Verification - what the reviewer looks for

  • No controlled dependency tree, lockfile, image, SBOM, shaded artifact, or generated dependency report resolves io.netty:netty-resolver-dns below 4.1.135.Final on the 4.1.x train or below 4.2.15.Final on the 4.2.x train.
  • Netty modules are aligned through the same fixed BOM or framework-managed platform. There is no split train where only netty-resolver-dns was bumped.
  • The PR identifies whether Netty’s DNS resolver is actually selected at runtime, directly or through Reactor Netty, Spring Gateway, gRPC, Vert.x, or custom client code.
  • Long-lived JVMs and gateways have restart or cache-flush operator actions so stale resolver state does not survive the upgrade.
  • DNS-sensitive outbound clients keep TLS hostname verification and egress policy intact, and they do not use DNS alone as the trust boundary.
  • Tests and validation do not poison live DNS, redirect traffic, disable TLS, or expose sensitive hostnames, tokens, headers, or tenant callback data.

Watch for

  • Bumping netty-resolver-dns directly while a framework BOM later downgrades it or other Netty modules remain vulnerable.
  • Shaded Netty copies in fat JARs, CLI tools, agent runtimes, plugins, or embedded gateway images that dependency scans miss.
  • Assuming “we use HTTPS” fully mitigates DNS poisoning while webhook delivery, OAuth discovery, package/model downloads, internal service calls, or SSRF allowlists still trust DNS results.
  • Updating build files but not refreshing lockfiles, generated manifests, SBOMs, images, or deployment docs.
  • Leaving JVM resolver caches, Netty resolver groups, sidecars, or gateway workers alive after deploying the fixed artifact.
  • Tests that require a real malicious authoritative DNS server or shared cache poisoning instead of safe mocked resolver records.

Output contract

Return one of:

  • A reviewer-ready PR/change request that upgrades netty-resolver-dns to 4.1.135.Final+ or 4.2.15.Final+, aligns all Netty modules, refreshes generated artifacts, documents resolver-cache restart/flush actions, adds safe dependency/resolver-boundary checks, and reviews DNS-sensitive outbound trust decisions.
  • TRIAGE.md when no controlled affected Netty DNS resolver, framework dependency, shaded artifact, resolver configuration, or deployment path exists.

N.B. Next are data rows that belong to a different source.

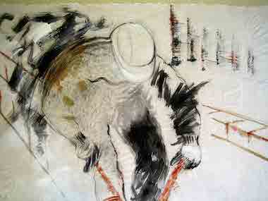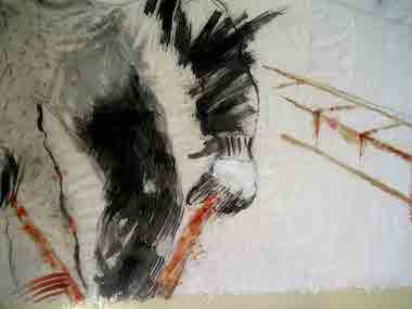 acrylique et fusain s/papier de riz
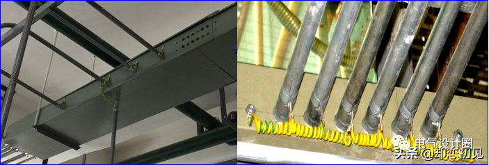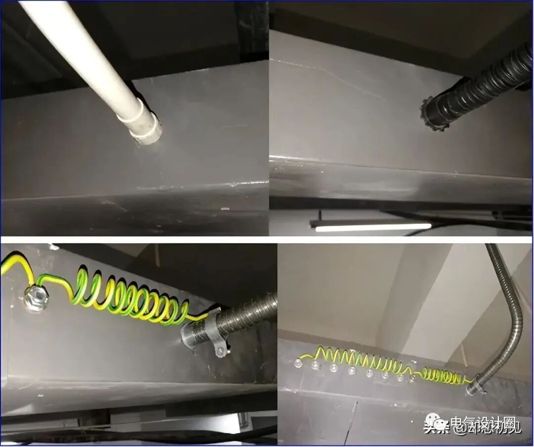 工艺要求:导管与桥架之间用锁母固定。钢管与桥架之间设接地跨接,多根管的接地跨接位置、导线长度、接地卡朝向统一。
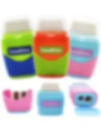 Zestaw zawiera połączenie gumki i temperówki w jednym. Z jednej strony miękka gumka, która nie uszkadza struktury papieru. Z drugiej podwójna temperówka na cienkie i grube kredki. Po środku znajduje się pojemnik na ścinki. Idelny zestaw do szkolnego piórnika.
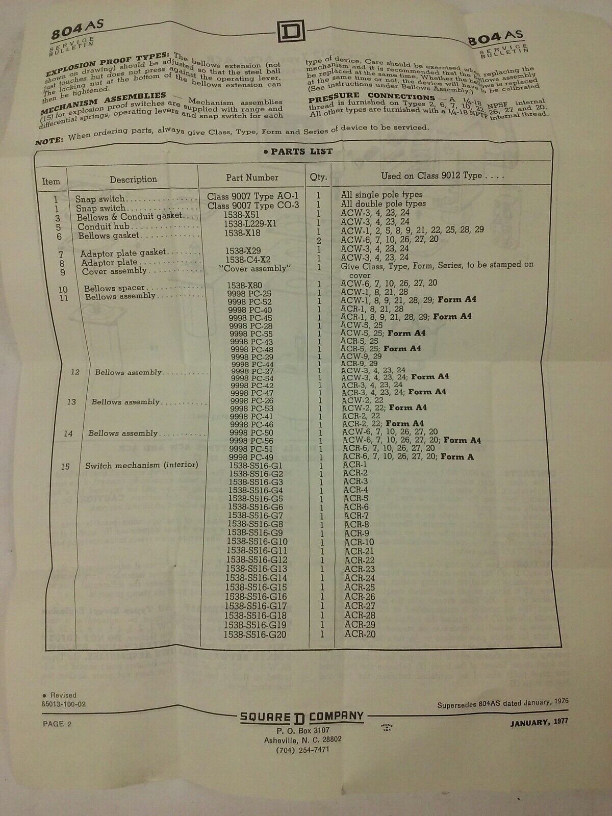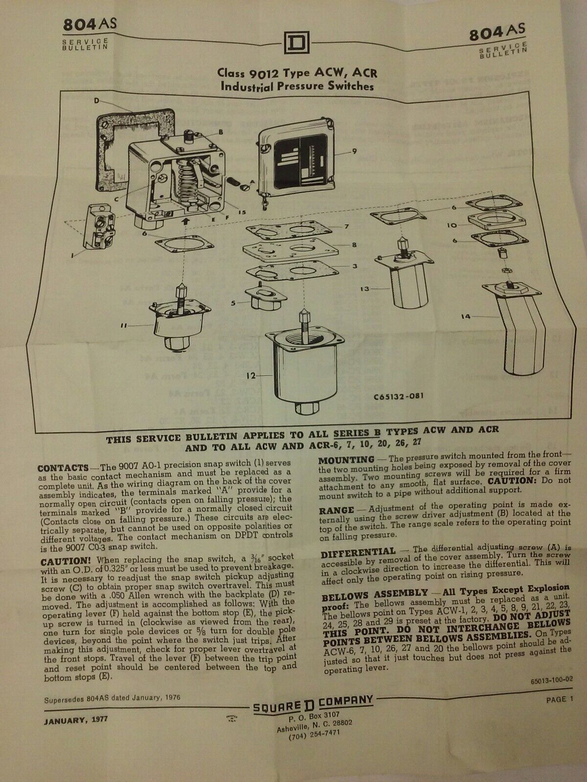 SQUARE D CLASS 9012 TYPE ACW5-S35 SERIES B, INDUSTRIAL PRESSURE SWITCH,
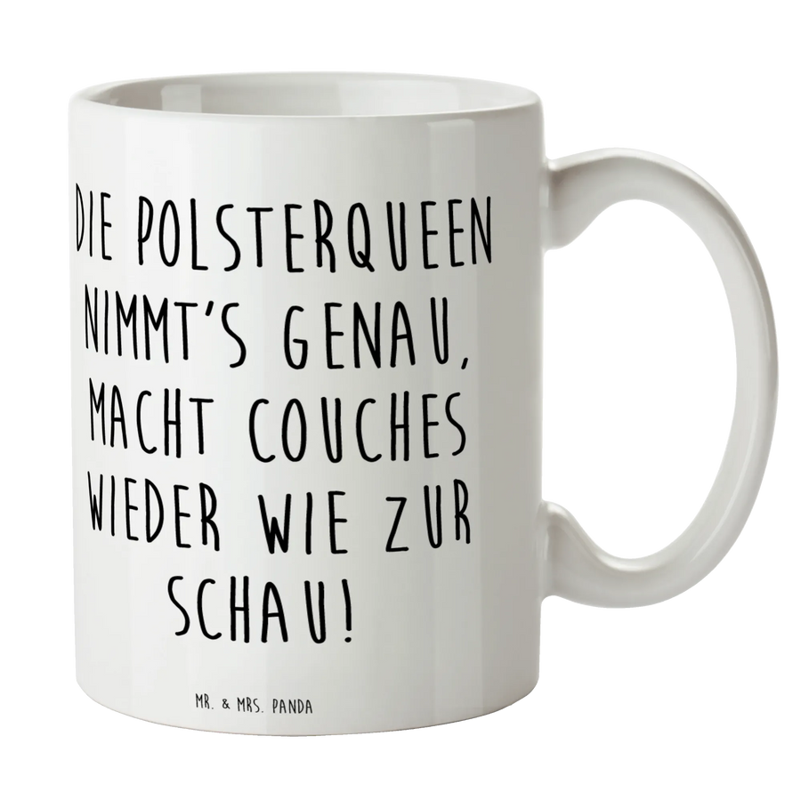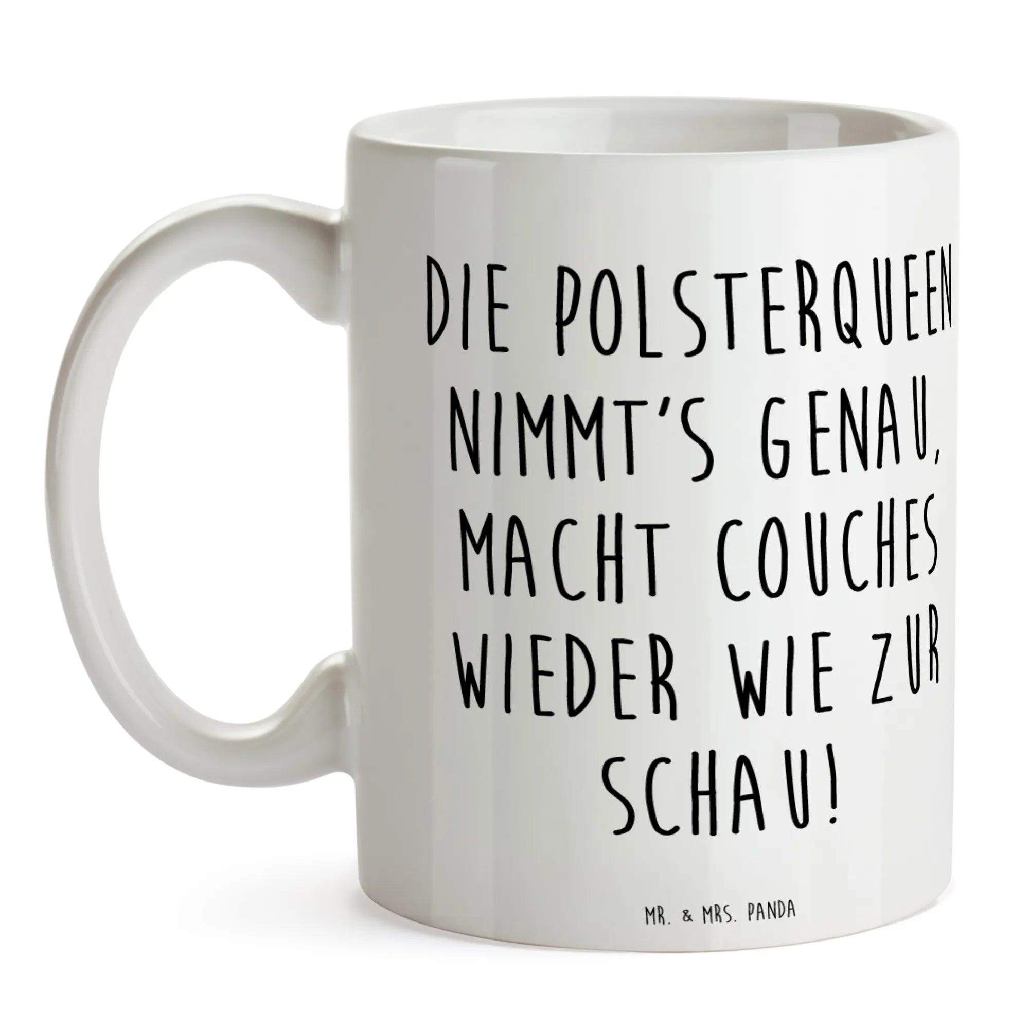 Mug Saying Die Polsterqueen nimmt's genau, macht couches wieder wie zur Schau! - White
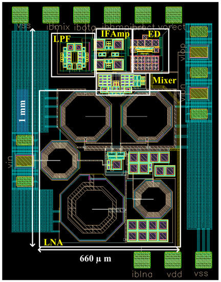 Considering the designs of the LNA and mixer as almost fixed—they were optimized in their extracted layout version—the design of the rest of the blocks were slightly adjusted to adapt them to the real load imposed by the consecutive block that follows each of them.
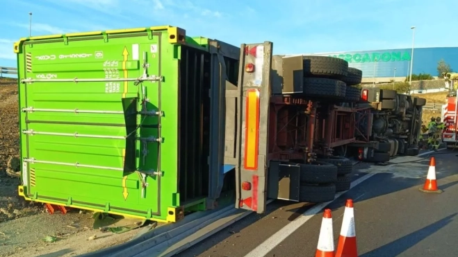 Un camión ha sufrido un vuelco lateral sobre las 7:30 de este lunes en la autopista TF-2, en sentido norte. El accidente ha ocurrido sobre el kilómetro 1, a la altura de la zona de Los Alisios, en Santa Cruz de Tenerife. No hubo daños personales graves, pero las colas se alargaron durante al menos siete horas.
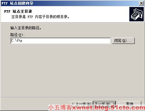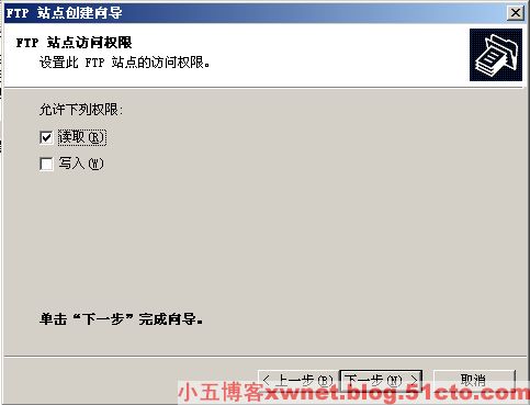 5)选择ftp主路径 6)设置FTP权限 7)成功建立ftp站点
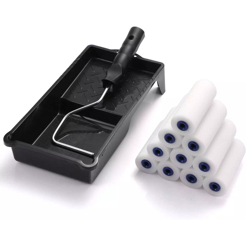 Mini Foam Paint Roller Cover Refills with Roller Frame, Paint Tray, Pack of 12
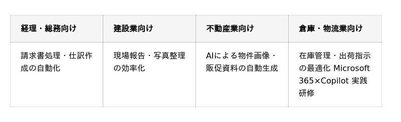 さらに、AIを活用できる人材を育成するための法人向け「生成AI研修」も提供中。ChatGPTやGeminiなどの生成AIを業務で活用する方法を、業界・業種に合わせた実践形式で学べる内容となっています。
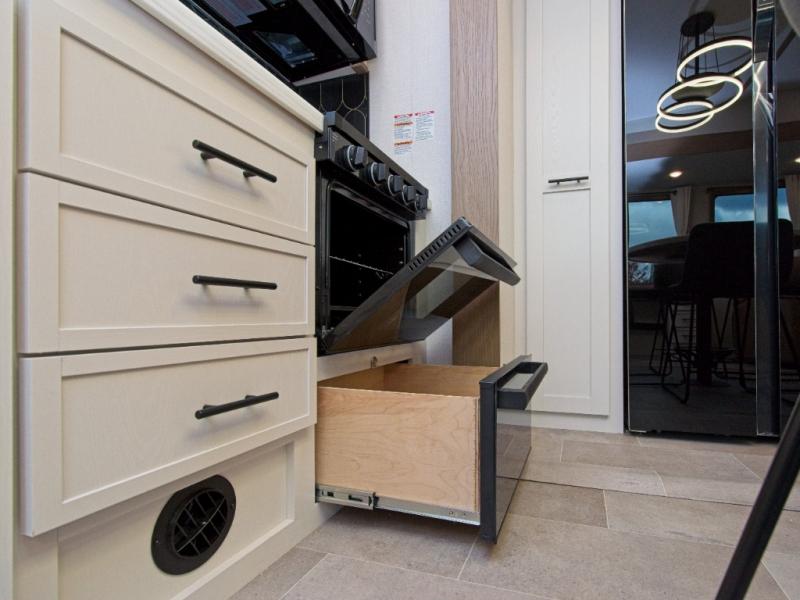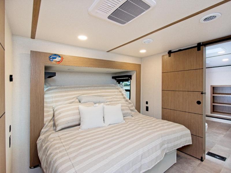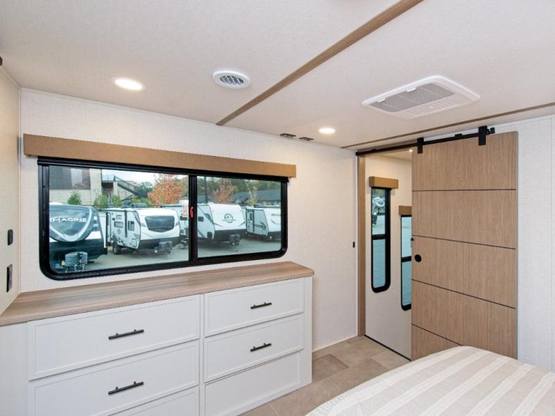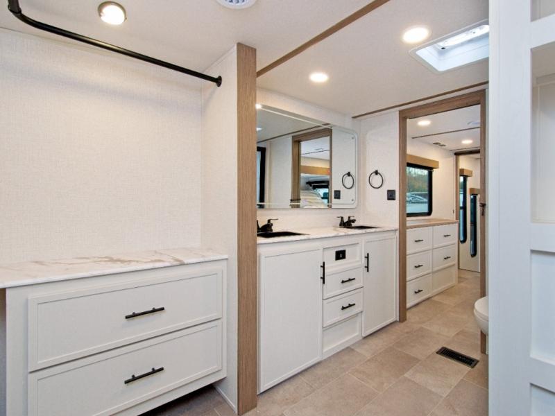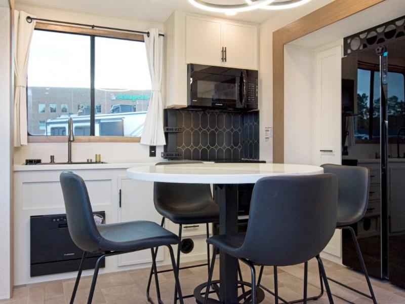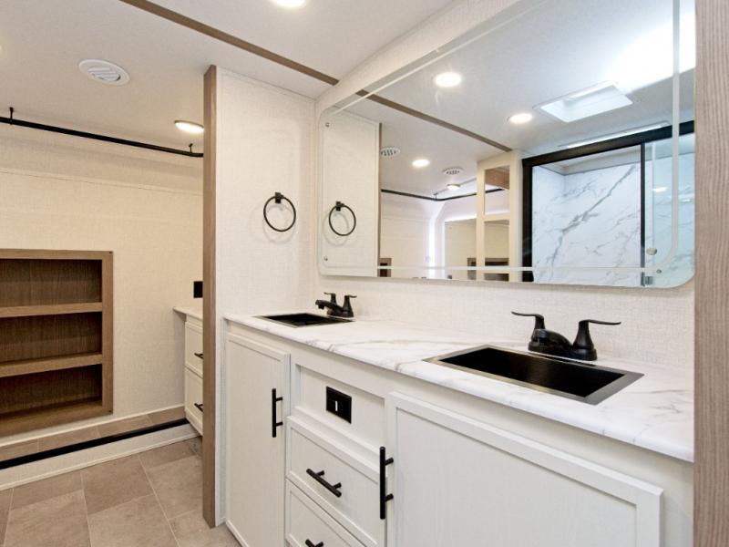 Experience the Forest River Impression 360MYR with a luxurious king bed and a chef-inspired rear kitchen—perfect for comfort and gourmet adventures on the road.
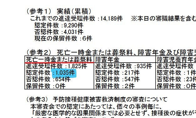返信先:@JINKOUZOUKA_jp①ワクチン感染予防効果のエビデンス mhlw.go.jp/content/109000… ②新規陽性者数等及びワクチン接種率 mhlw.go.jp/content/109000… ③コロナウイルス感染症予防接種健康被害 mhlw.go.jp/content/109000… ①95%の予防効果を謳ったが ②ワクチン接種で感染拡大 ③ワクチン接種後の死者1,035人 厚労省の資料 pic.x.com/cVGKjmAPUU
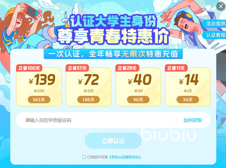 說到學(xué)生用戶,還有一項(xiàng)福利必須推薦給大家,那就是學(xué)生專享優(yōu)惠活動。通過biubiu界面中就能夠直接進(jìn)入此活動,要輸入自己的學(xué)信網(wǎng)驗(yàn)證碼去認(rèn)證身份,然后就可以享受到優(yōu)惠價(jià)格了。優(yōu)惠之后最低能達(dá)到0.3元每天,這樣的價(jià)格絕對是極其劃算,所以能夠大幅度降低學(xué)生黨壓力。對于其他用戶來說,即使是常規(guī)方式去按月續(xù)費(fèi),每月也僅僅需要23元就能夠買到會員,如果一次性購買全年,價(jià)格還能更優(yōu)惠。對大多數(shù)用戶都不會構(gòu)成壓力,這一點(diǎn),也是biubiu能夠長期使用的重要原因。

The output must list versions before/after, owning BOM/framework, actual resolver usage, shaded/vendored copies, restart/cache actions, DNS-sensitive paths reviewed, temporary containment, and validation commands. It must not run malicious DNS servers, poison shared caches, redirect live traffic, disable TLS, capture production DNS logs, or expose sensitive hostnames, headers, tokens, or tenant callback data.